The Pension Building, home of the National Building Museum, in Washington, D.C.
Gryffindor/Wikimedia Commons
Donald Trump has signaled that infrastructure will be a top priority in his administration. His policy documents indicate a focus on pursuing "an 'America's Infrastructure First' policy that supports investments in transportation, clean water, a modern and reliable electricity grid, telecommunications, security infrastructure, and other pressing domestic infrastructure needs" and state an intent to "leverage new revenues and work with financing authorities, public/private partnerships, and other prudent funding opportunities."1
Much has been written about the state of public infrastructure in the United States. Most objective analyses conclude that this issue is serious; many facilities are in need of replacement or repair and many more are poorly maintained. This situation is true for both the civil works infrastructure-roads, bridges, tunnels, airports, railroads, ports, and waterways-and federal real estate that the government owns and occupies, including buildings, bases, and hospitals.
Although civil works infrastructure has begun to see benefits from innovative financing and public/private programs authorized by Congress, the fiscal and political environment has made it difficult for the federal government to participate in partnership funding opportunities for federal real estate under the present budgetary rules for scoring projects.
The National Council for Public-Private Partnerships (NCPPP) and the Public Development and Infrastructure Council of the Urban Land Institute (ULI) undertook this project to explore the opportunities and options for responsible reform of the federal project scoring rules as they relate specifically to one asset class-federal real estate-as a way to propose solutions that may be applicable to other asset classes. A small Advisory Group of leading experts on federal budgeting and public/private partnerships was convened to guide the project. Its findings and recommendations, as well as a description of the project, are included in this report.
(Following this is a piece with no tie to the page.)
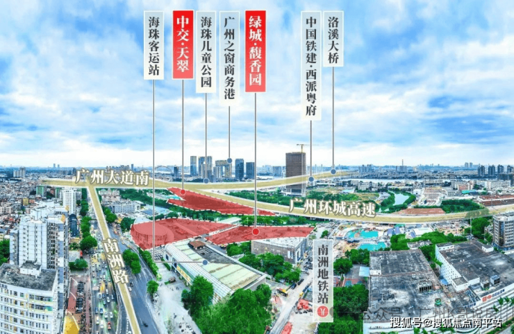 项目地块距离2号线和广佛线交汇的南洲站直线距离仅约400米,广州绕城高速和广州大道在项目旁交汇,位置可以说是“四通八达”,但因地块被不少主干道包围,自然避免不了噪音和粉尘的干扰。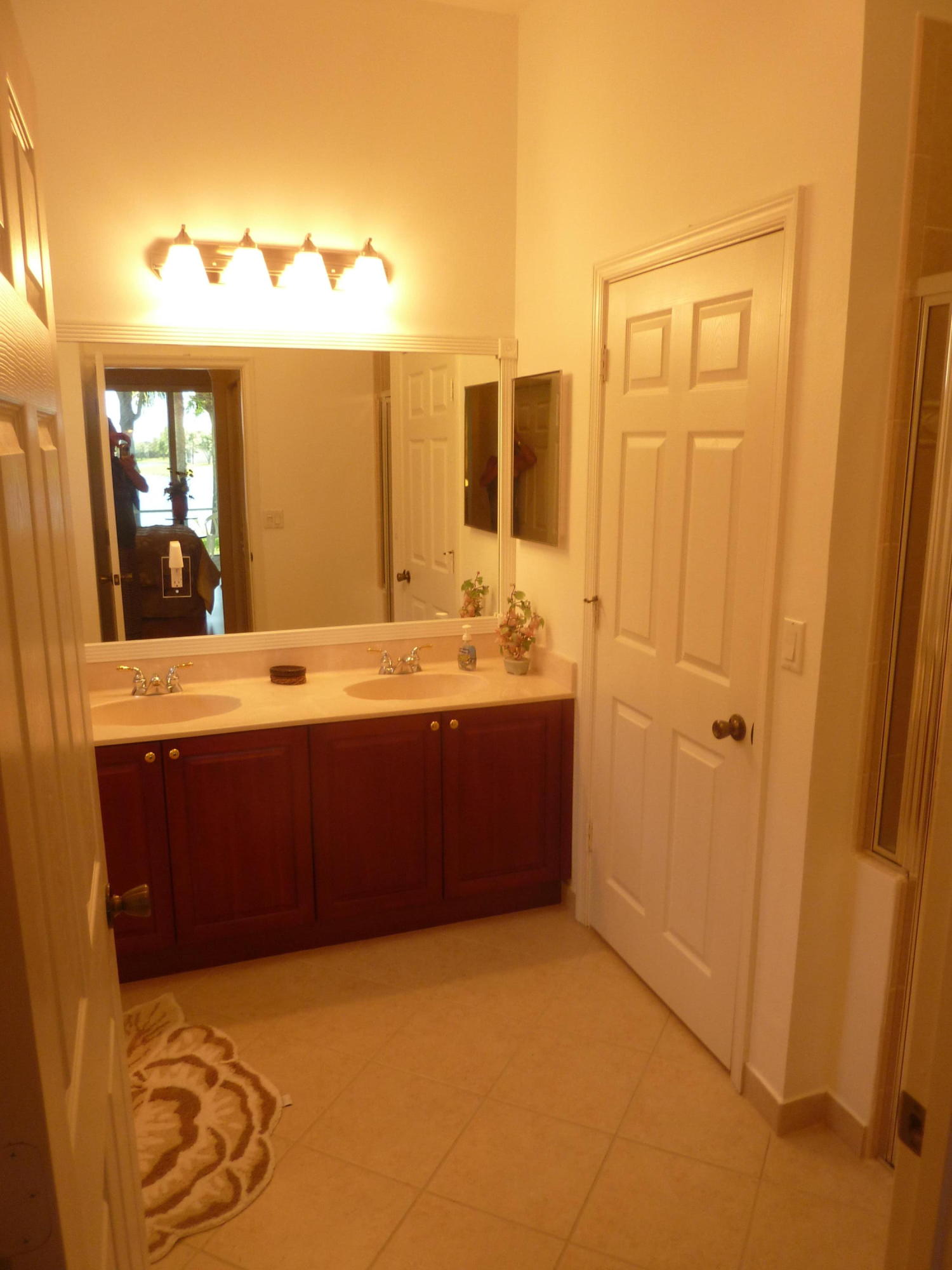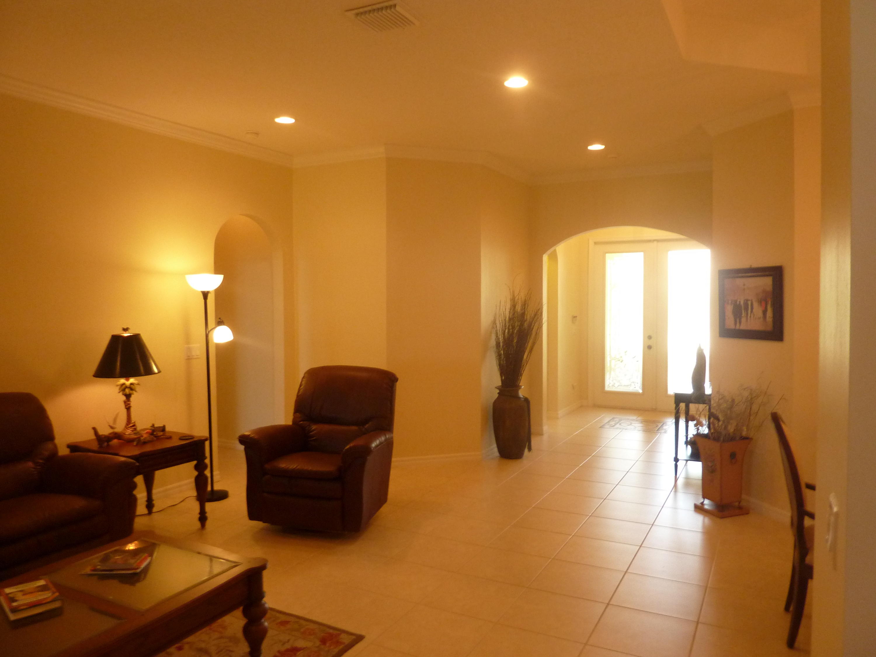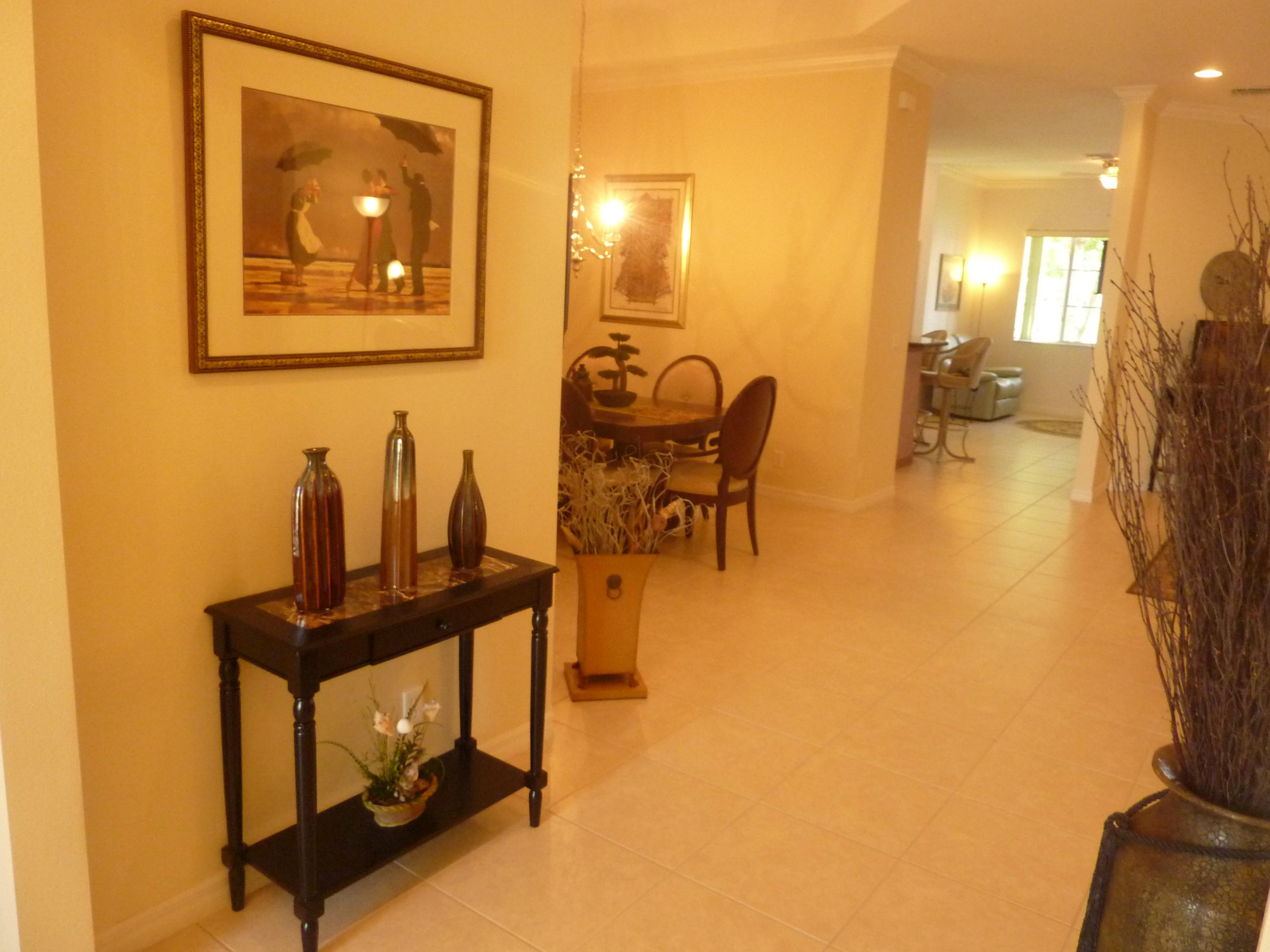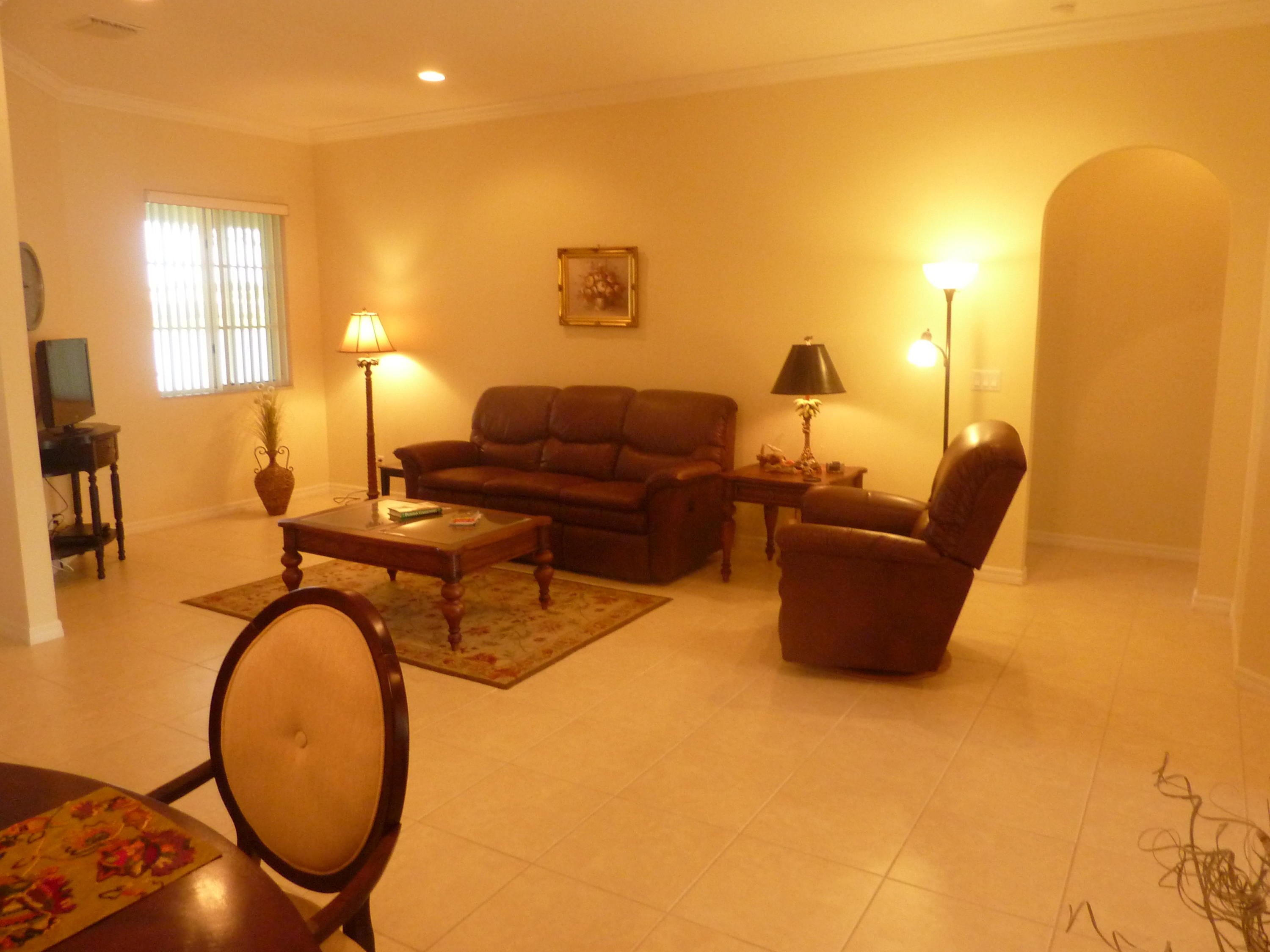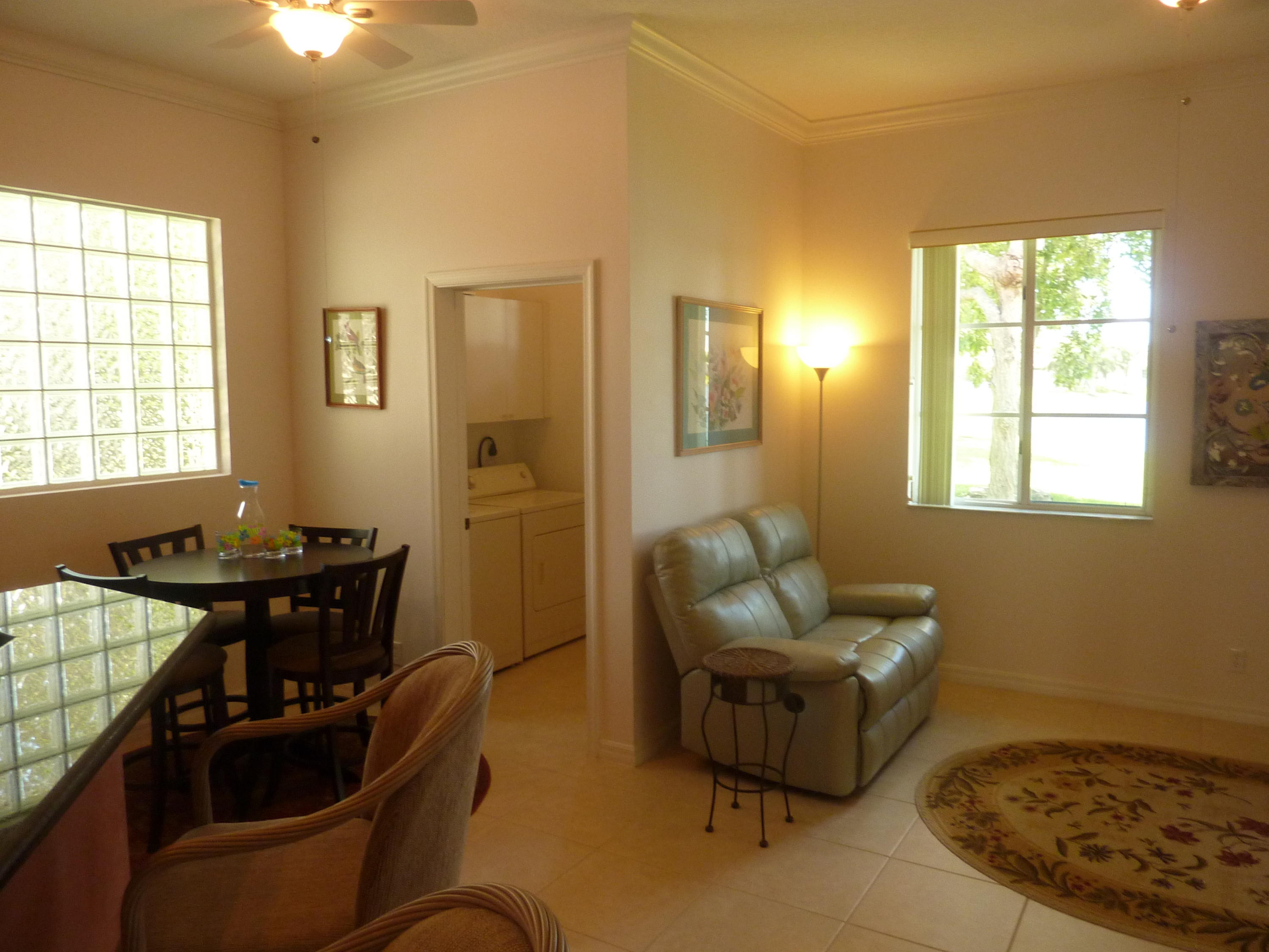 WHAT A VIEW!!! Long lake view from family room, living room and master bedroom. Spacious, open floor plan, meticulously kept 3 bedroom 2.5 bath waterfront home. Neutral tile throughout living areas and wood laminate in all bedrooms. Beautiful kitchen with granite counters and upgraded cabinets, opens to family room which has sliders to the large screened patio with an amazing view of the lake. Split bedroom plan which is great for children and guests. Spacious master bedroom, with tray ceiling, with sliders to the large screened patio as well. Two large closets in the master bedroom and Jacuzzi tub with separate shower in the master bath. Formal dining room has tray ceiling as well and is perfectly located across from formal living room and next to kitchen. Crown molding throughout main

ULI and NCPPP wish to acknowledge the work of the members of the project Advisory Group in developing these recommendations, in participating in the various events, and in writing this report. We especially wish to thank Dan Tangherlini, chair of the Advisory Group, for his leadership, insights, perseverance, and work as principal author of this report. We would also like to thank those who participated in both the Advisory Group discussion sessions and the special Experts Roundtable held in conjunction with the 2016 ULI Spring Meeting.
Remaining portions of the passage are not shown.